JAKARTA, suararealitas.co – Beberapa pekerjaan rumah Kementerian Kesehatan kini telah menanti, salah satunya membongkar jaringan peredaran obat ilegal seperti obat keras terbatas (K).
Maraknya peredaran obat keras golongan HCI ini tak luput dari peran BPOM RI, dan pihak Kepolisian dalam memberangus jaringan obat keras tanpa Nomor Izin Edar BPOM RI. Senin, (17/3/2025).
Di wilayah hukum Polres Bekasi Kota, praktik perdagangan obat keras terbatas (K) dikategorikan cukup menggurita.
Kartel pengedar obat keras terlihat jelas tak luput dari jerat hukum, atau memang peredaran obat keras dijadikan lahan basah untuk meraup keuntungan semata bagi oknum tidak bertanggung jawab.
Hasil survei menunjukan, bahwa tingkat pengedar pil koplo di Bekasi Kota cukup mengkhawatirkan. Seperti halnya toko penjual pil koplo yang berhasil di himpun suararealitas.co di Jalan Bintara No.51, RT.013/RW.002, Bintara Jaya, Kecamatan Bekasi Barat, Kota Bekasi.
“Toko ini punya bos saya bang, jika ada hal apapun nanti bos Edo yang mengurusi semuanya, Polsek dan Polres mungkin melalui Bos Edo, soalnya saya baru jaga tiga hari bang,” ujar penjaga toko kepada suararealitas.co, Senin (17/3/2025).
Menurut Keputusan Menteri Kesehatan RI Nomor 02396/A/SK/VIII/1989. Obat keras daftar G, penggunanya harus diresepkan dokter.

Property of suararealitas.co
Namun di Bekasi Kota, obat keras seperti Tramadol, Heyximer, Aprazolam, Camlet marak diperjualkan dengan bebas kepada semua kalangan.
Tindakan memproduksi dan mendistribusikan produk ilegal melanggar Pasal 196 dan/atau Pasal 197 Undang-undang No. 36 Tahun 2009 Tentang Kesehatan dengan ancaman pidana penjara paling lama 15 tahun dan denda paling banyak Rp1,5 miliar.

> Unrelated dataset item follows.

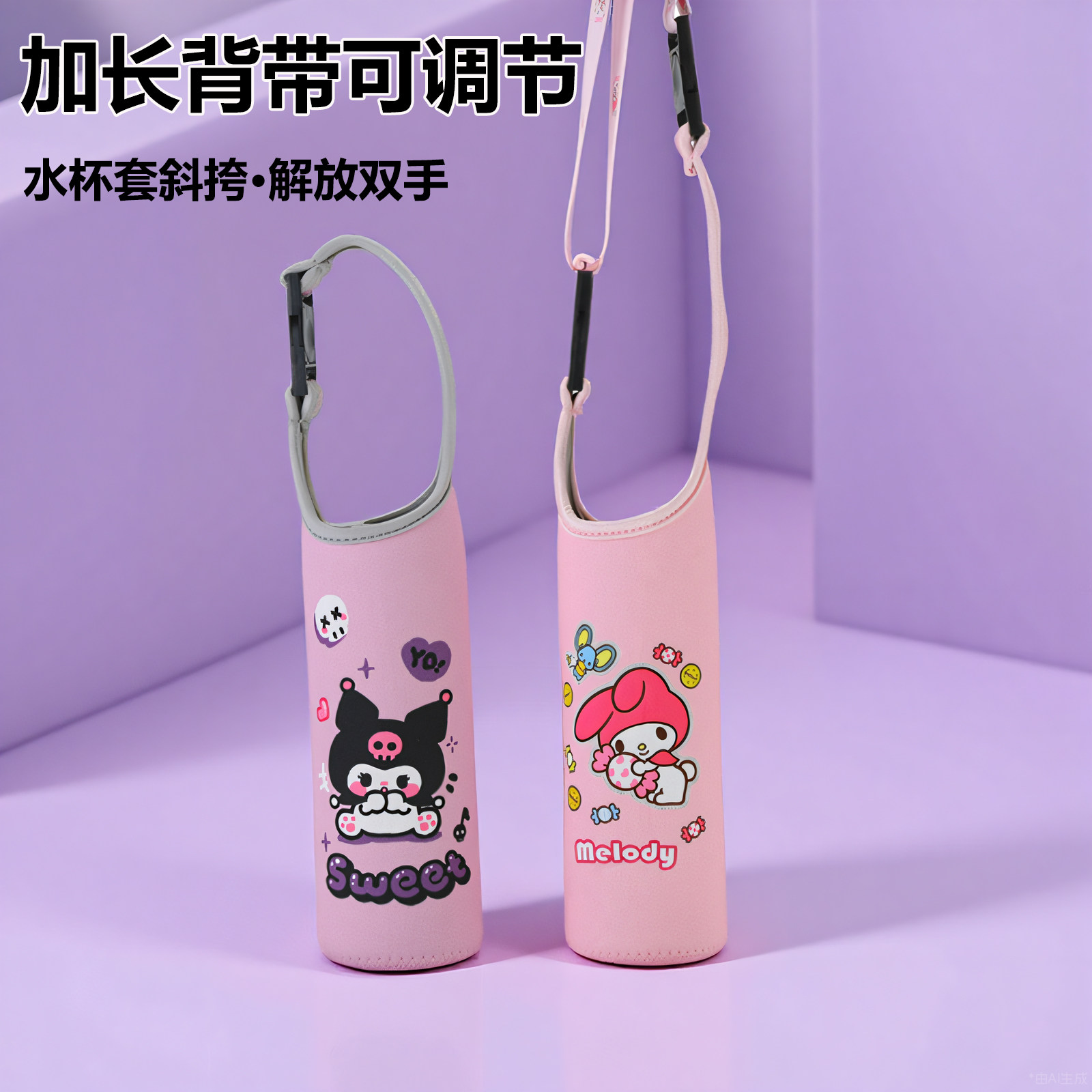 便携式保温杯套长背带斜跨儿童隔热防摔水杯套保护套350-500毫升

Sementara itu, narkotika adalah zat atau obat yang terbuat dari tanaman, bahan sintetis, atau semisintetis untuk menghilangkan rasa nyeri atau menurunkan kesadaran.
Codeine, morfin, tramadol, dan diazepam merupakan beberapa contoh obat golongan ini.

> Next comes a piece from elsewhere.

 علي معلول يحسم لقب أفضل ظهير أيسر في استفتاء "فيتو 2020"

Namun dipasar obat keras tersebut bisa dipastikan palsu seperti Tramadol yang jelas berbeda pada kemasan yang terlihat polos alias obat palsu dan tidak memiliki Nomor Edar.
Menanggapi peredaran pil koplo, Pengamat Kebijakan Publik Aris Sucipto angkat bicara.
“Tentunya keterlibatan pihak Kepolisian harus dapat mempersempit ruang gerak pengedar pil koplo. Mengingat obat tersebut di jual di toko-toko kosmetik. Atau mungkin peredaran pil koplo tersebut di jadikan peluang untuk meraup keuntungan,” tutup Aris.